=== Task material ===
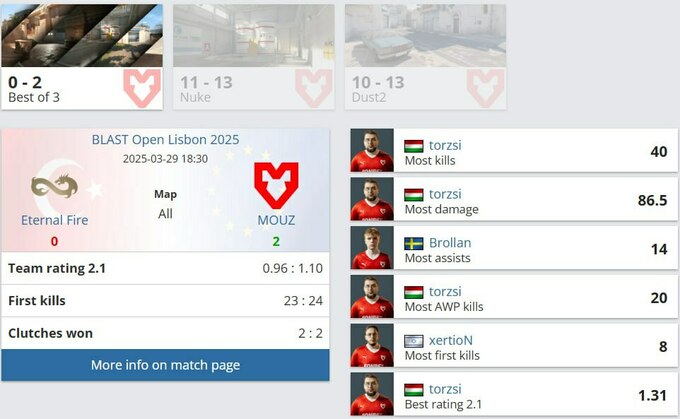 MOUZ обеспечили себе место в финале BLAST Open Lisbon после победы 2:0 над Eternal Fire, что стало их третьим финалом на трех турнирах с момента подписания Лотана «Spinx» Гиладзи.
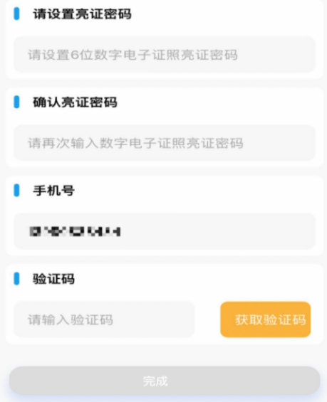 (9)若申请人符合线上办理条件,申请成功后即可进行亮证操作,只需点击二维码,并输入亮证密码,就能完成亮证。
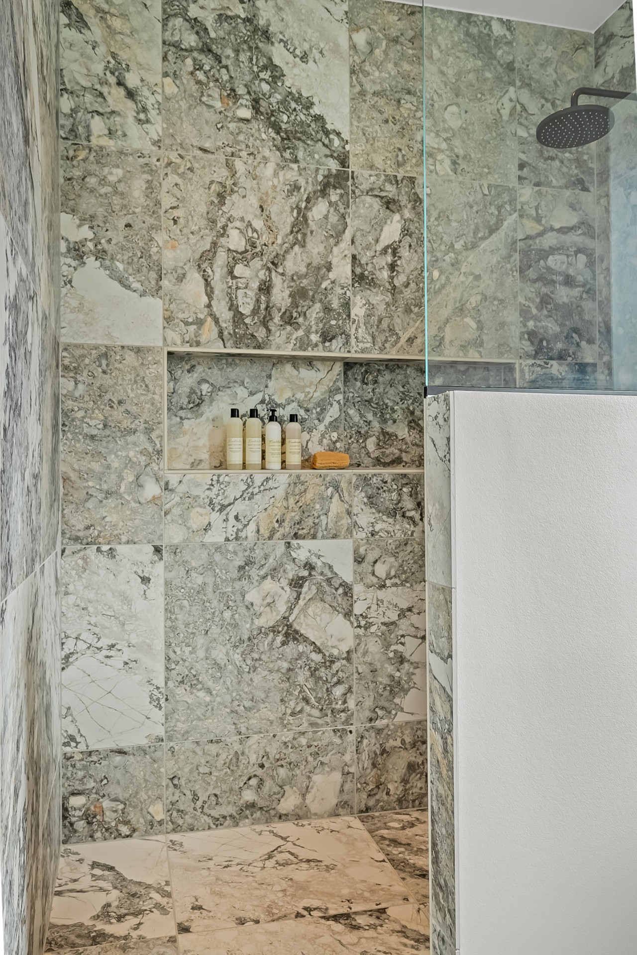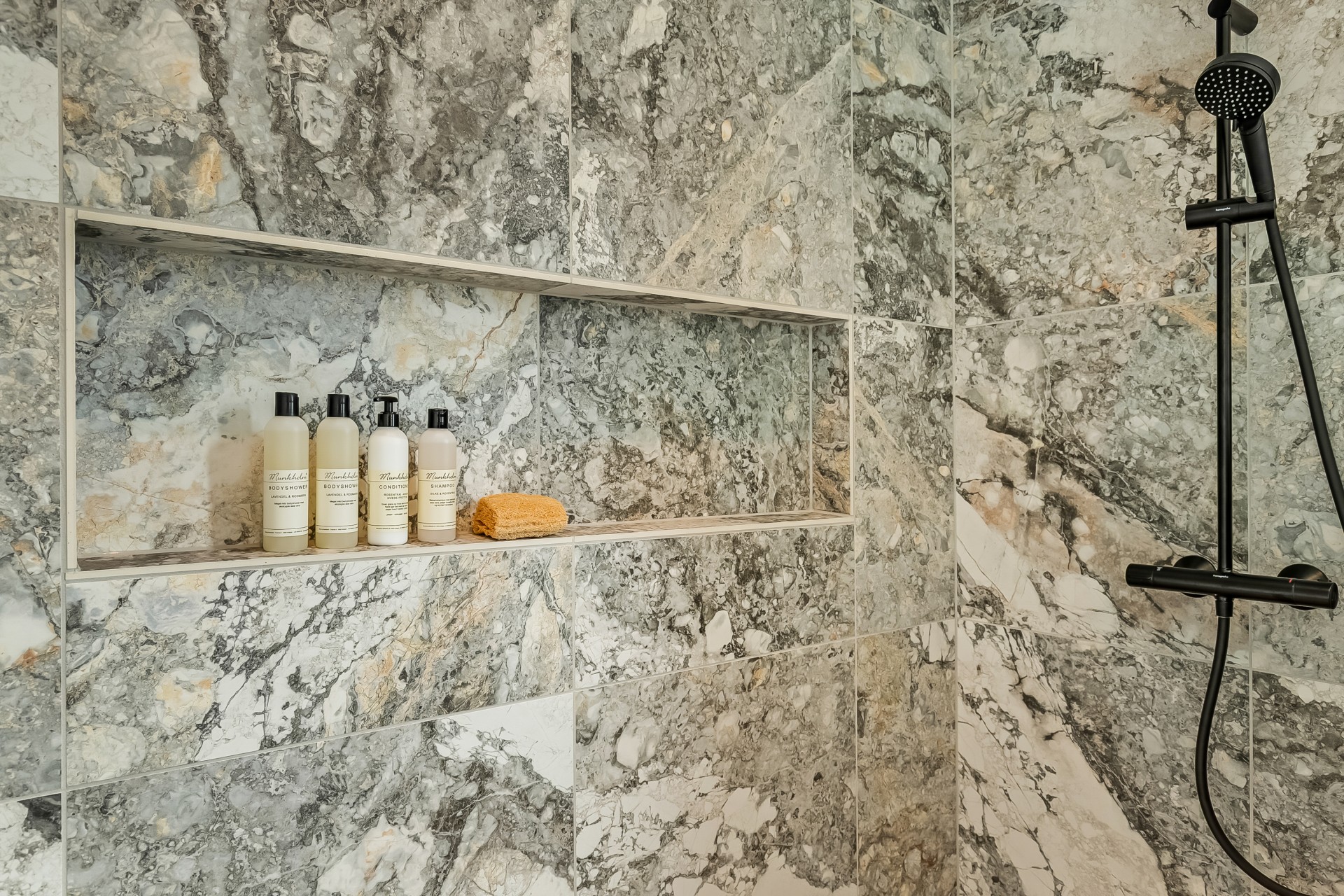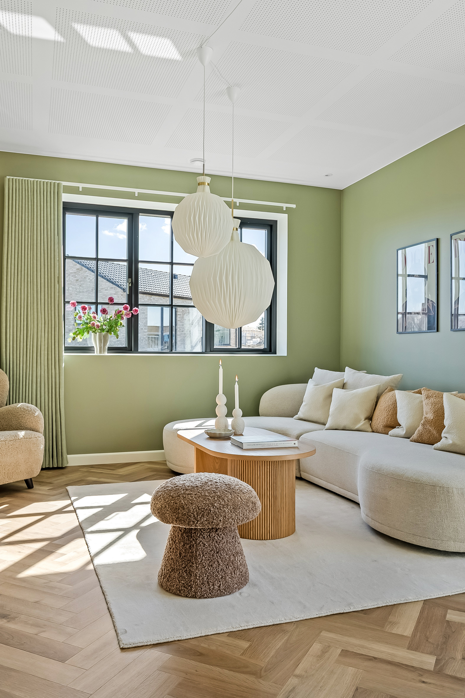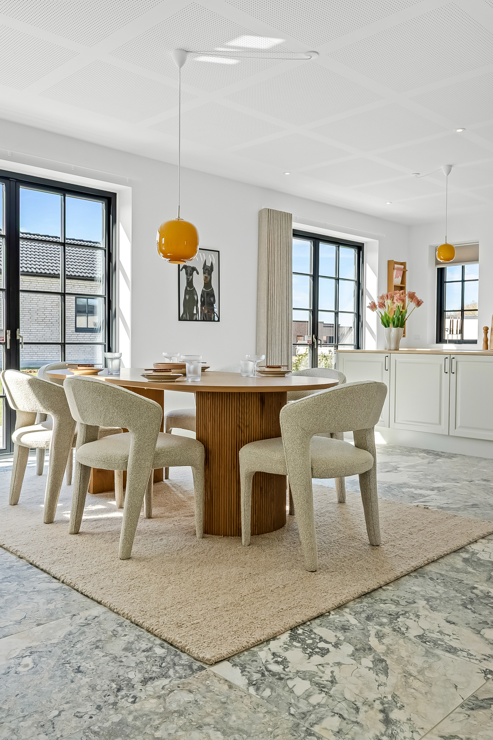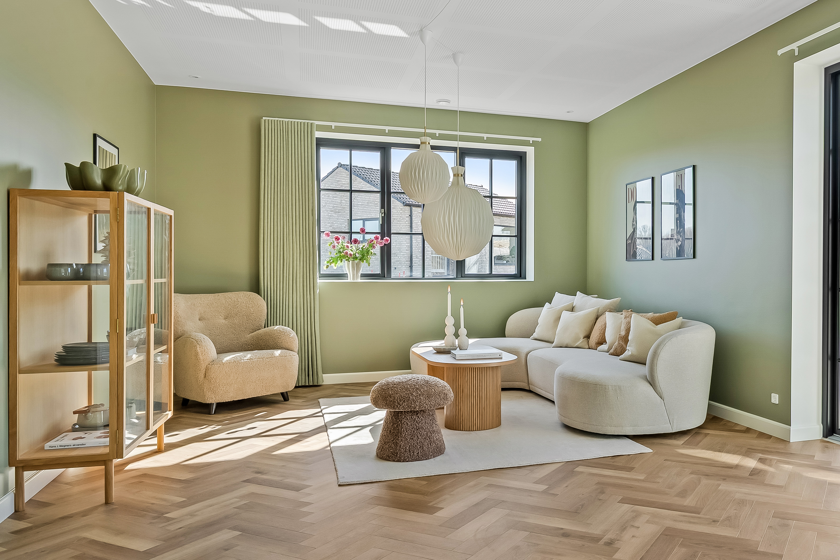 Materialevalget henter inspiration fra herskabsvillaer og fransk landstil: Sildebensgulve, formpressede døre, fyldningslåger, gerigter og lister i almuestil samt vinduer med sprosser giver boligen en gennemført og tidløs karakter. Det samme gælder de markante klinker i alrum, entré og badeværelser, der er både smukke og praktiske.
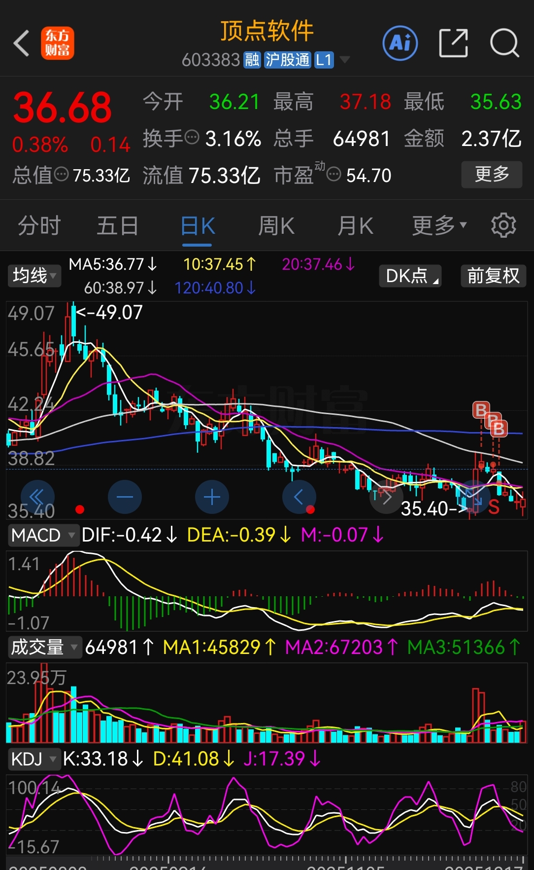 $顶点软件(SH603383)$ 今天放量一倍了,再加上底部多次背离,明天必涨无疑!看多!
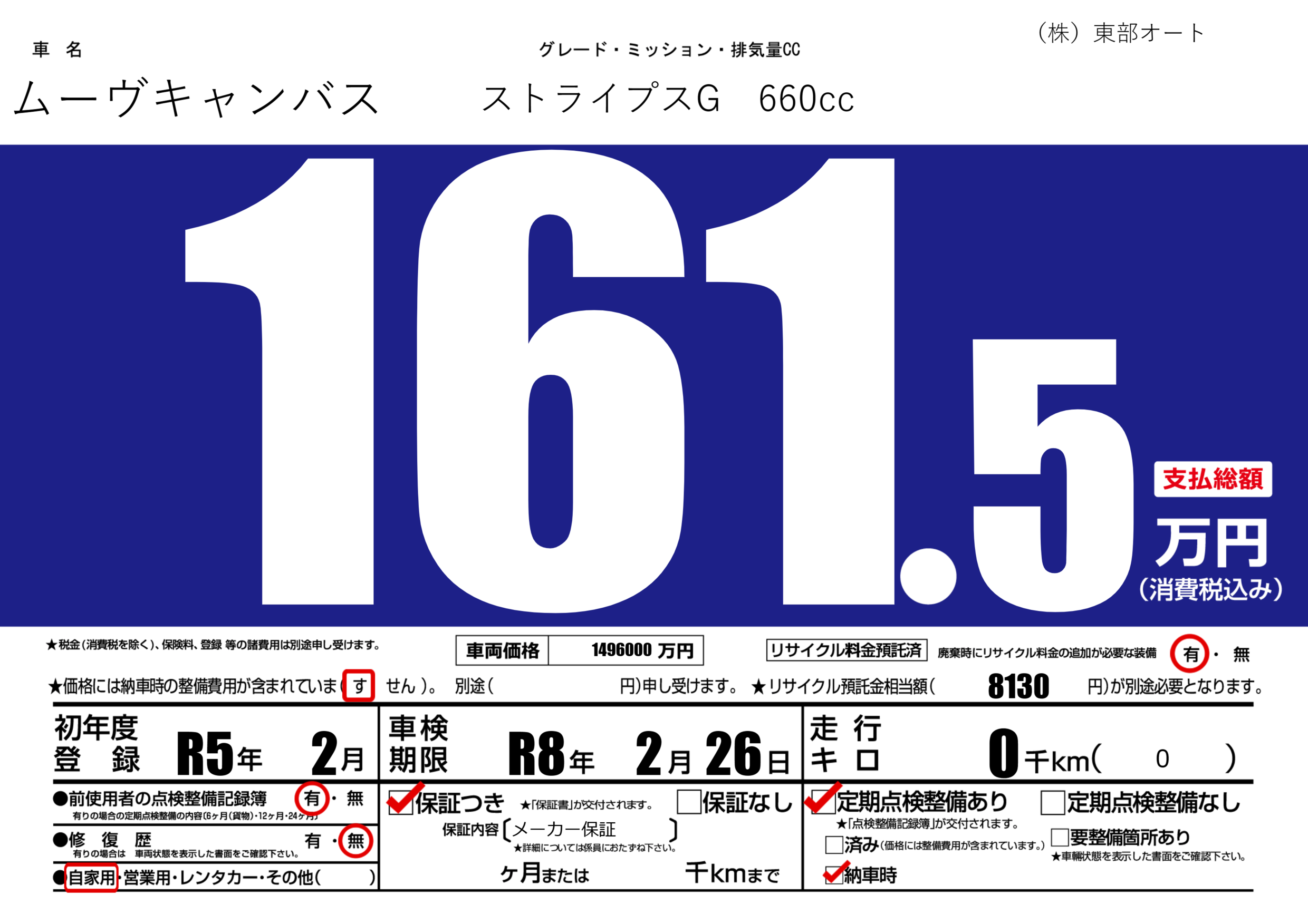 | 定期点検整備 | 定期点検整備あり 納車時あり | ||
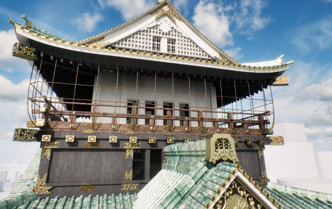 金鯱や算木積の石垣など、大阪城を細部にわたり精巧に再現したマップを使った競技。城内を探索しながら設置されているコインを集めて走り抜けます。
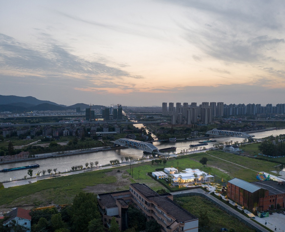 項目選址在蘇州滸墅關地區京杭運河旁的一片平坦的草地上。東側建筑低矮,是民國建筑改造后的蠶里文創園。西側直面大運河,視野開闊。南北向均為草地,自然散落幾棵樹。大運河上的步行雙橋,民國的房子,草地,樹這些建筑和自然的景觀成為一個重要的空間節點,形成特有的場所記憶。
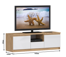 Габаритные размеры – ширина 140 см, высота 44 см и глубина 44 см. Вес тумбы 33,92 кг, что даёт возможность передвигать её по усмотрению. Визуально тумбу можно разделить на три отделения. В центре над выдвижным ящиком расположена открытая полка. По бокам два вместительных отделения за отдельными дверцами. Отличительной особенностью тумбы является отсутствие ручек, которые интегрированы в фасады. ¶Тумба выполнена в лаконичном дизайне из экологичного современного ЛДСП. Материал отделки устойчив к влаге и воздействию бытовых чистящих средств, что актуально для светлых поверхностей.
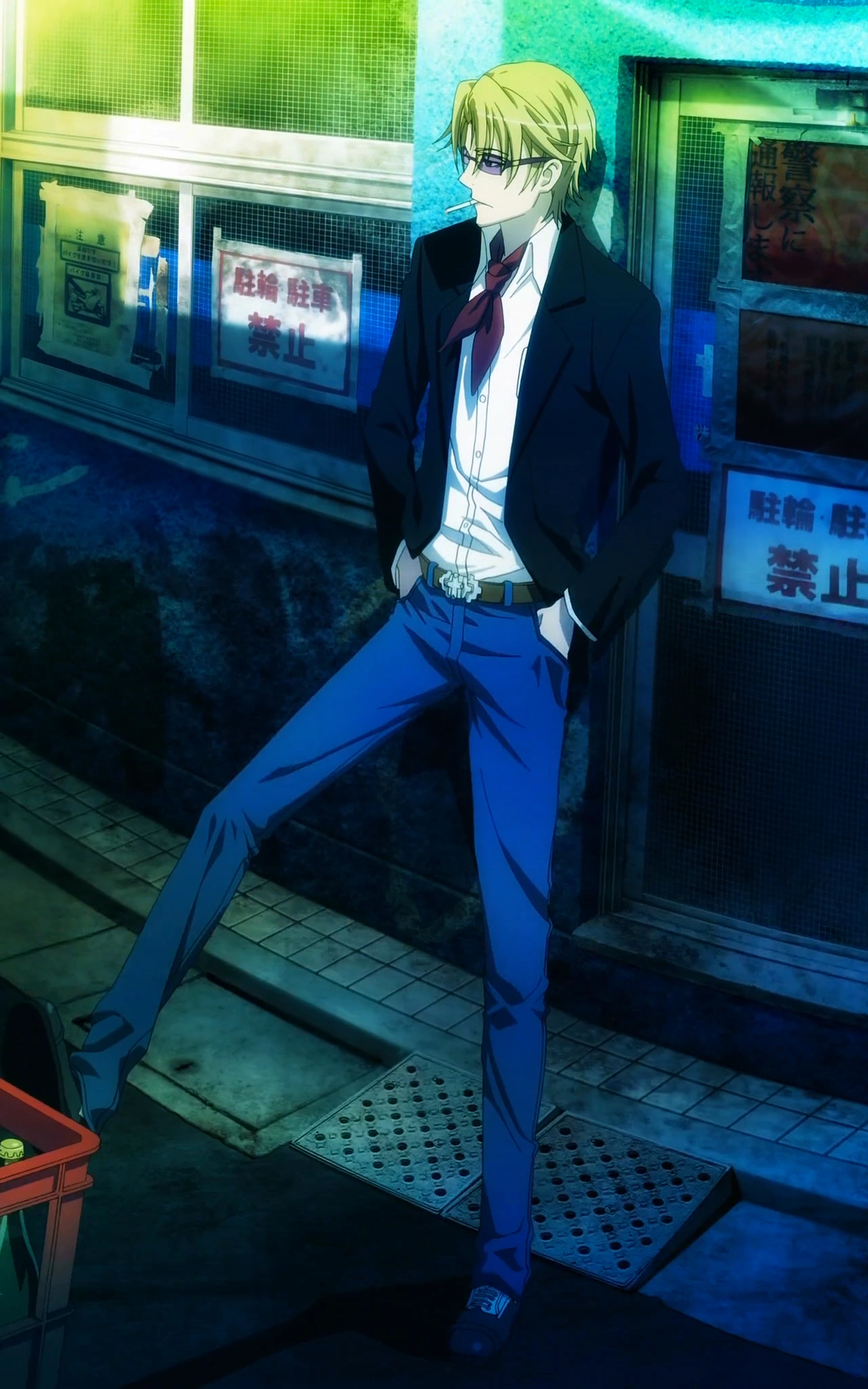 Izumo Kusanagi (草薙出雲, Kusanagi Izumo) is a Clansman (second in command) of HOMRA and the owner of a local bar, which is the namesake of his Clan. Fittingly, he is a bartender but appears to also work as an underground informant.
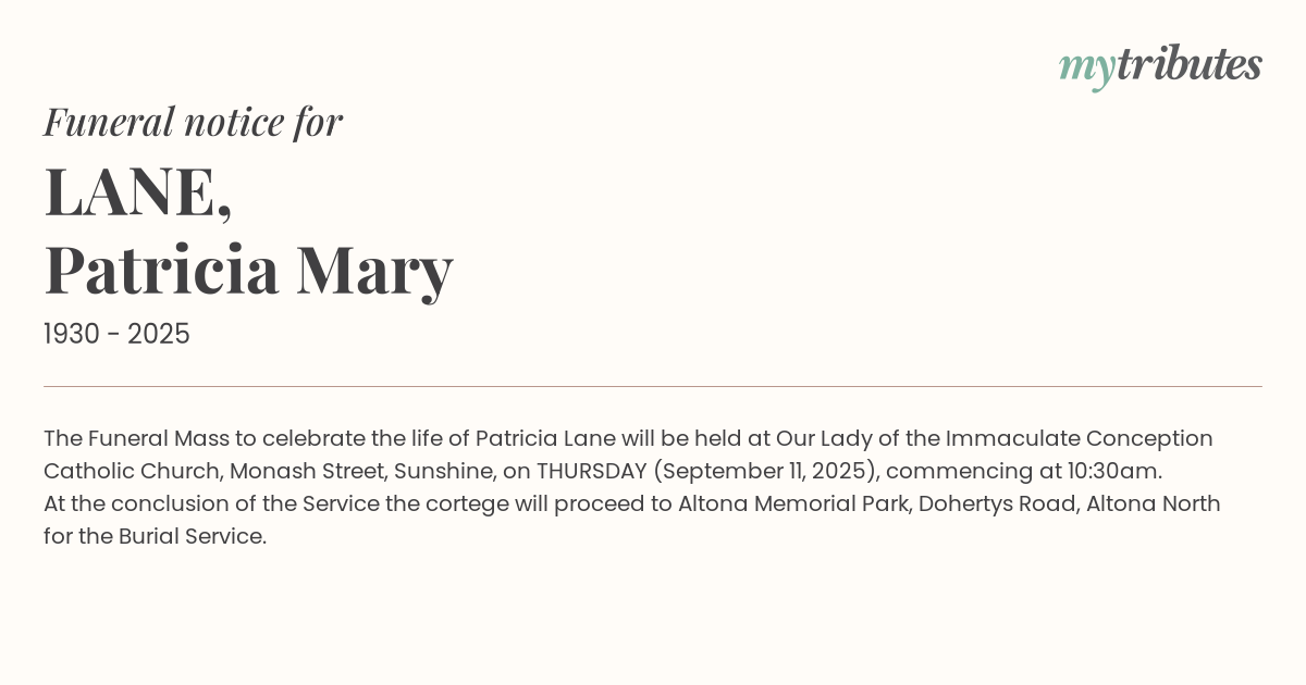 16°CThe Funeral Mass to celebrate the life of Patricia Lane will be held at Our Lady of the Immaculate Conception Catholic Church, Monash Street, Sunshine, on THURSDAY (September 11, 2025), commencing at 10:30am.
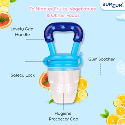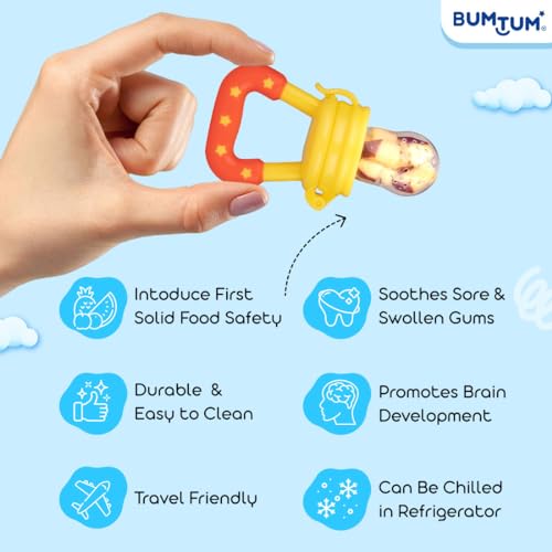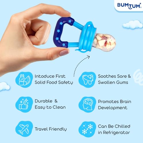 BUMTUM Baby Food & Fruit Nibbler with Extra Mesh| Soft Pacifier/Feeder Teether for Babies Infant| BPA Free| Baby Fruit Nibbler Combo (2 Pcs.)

=== Task description ===
Starting at the line containing "項目選址在蘇州滸墅關地區京杭" and stopping at the line containing "Izumo Kusanagi (草薙出雲, Kusanagi", output every line above exactly, both ends included, with pictures omitted.

=== Answer to this problem ===
 項目選址在蘇州滸墅關地區京杭運河旁的一片平坦的草地上。東側建筑低矮,是民國建筑改造后的蠶里文創園。西側直面大運河,視野開闊。南北向均為草地,自然散落幾棵樹。大運河上的步行雙橋,民國的房子,草地,樹這些建筑和自然的景觀成為一個重要的空間節點,形成特有的場所記憶。
 Габаритные размеры – ширина 140 см, высота 44 см и глубина 44 см. Вес тумбы 33,92 кг, что даёт возможность передвигать её по усмотрению. Визуально тумбу можно разделить на три отделения. В центре над выдвижным ящиком расположена открытая полка. По бокам два вместительных отделения за отдельными дверцами. Отличительной особенностью тумбы является отсутствие ручек, которые интегрированы в фасады. ¶Тумба выполнена в лаконичном дизайне из экологичного современного ЛДСП. Материал отделки устойчив к влаге и воздействию бытовых чистящих средств, что актуально для светлых поверхностей.
 Izumo Kusanagi (草薙出雲, Kusanagi Izumo) is a Clansman (second in command) of HOMRA and the owner of a local bar, which is the namesake of his Clan. Fittingly, he is a bartender but appears to also work as an underground informant.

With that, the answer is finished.